- _YOUR INSTRUCTIONS_
Please, without any pictures, set down exactly the part of the listing below that opens with the line containing "На Карантинном спуске" and closes with the line containing "30 апреля хокимият".

- _SUPPLIED DATA_
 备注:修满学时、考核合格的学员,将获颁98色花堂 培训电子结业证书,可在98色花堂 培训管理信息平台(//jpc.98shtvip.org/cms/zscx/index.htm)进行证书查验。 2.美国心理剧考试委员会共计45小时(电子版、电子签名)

--

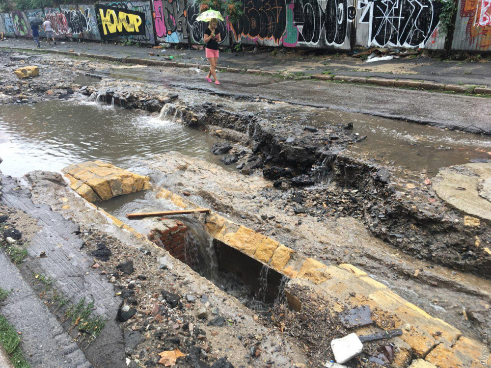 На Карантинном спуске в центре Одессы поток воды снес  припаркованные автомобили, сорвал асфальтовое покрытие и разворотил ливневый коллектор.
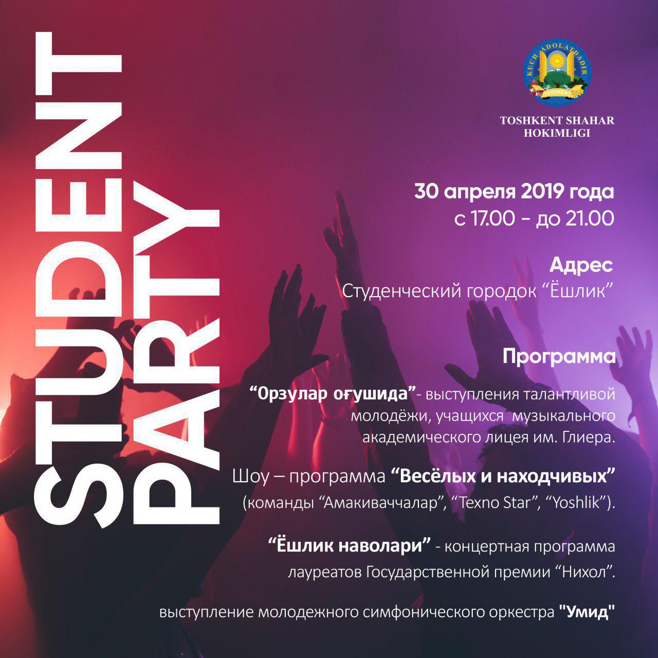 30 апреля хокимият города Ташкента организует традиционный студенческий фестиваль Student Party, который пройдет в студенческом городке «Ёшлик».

...

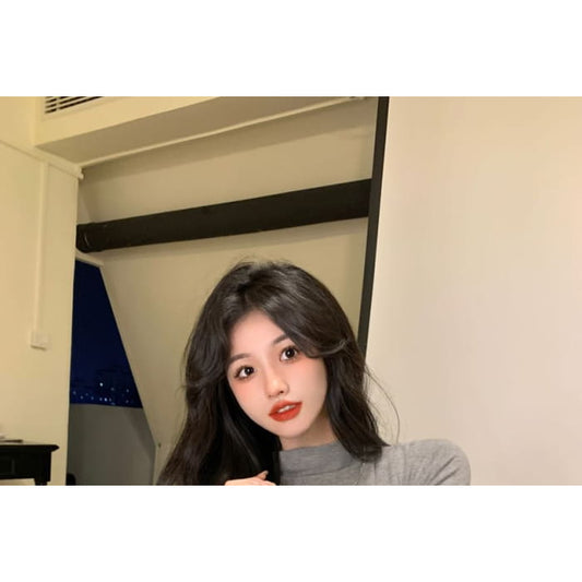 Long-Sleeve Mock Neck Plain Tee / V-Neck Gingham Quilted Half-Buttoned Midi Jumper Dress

- _EXERCISE RESPONSE_
 На Карантинном спуске в центре Одессы поток воды снес  припаркованные автомобили, сорвал асфальтовое покрытие и разворотил ливневый коллектор.
 30 апреля хокимият города Ташкента организует традиционный студенческий фестиваль Student Party, который пройдет в студенческом городке «Ёшлик».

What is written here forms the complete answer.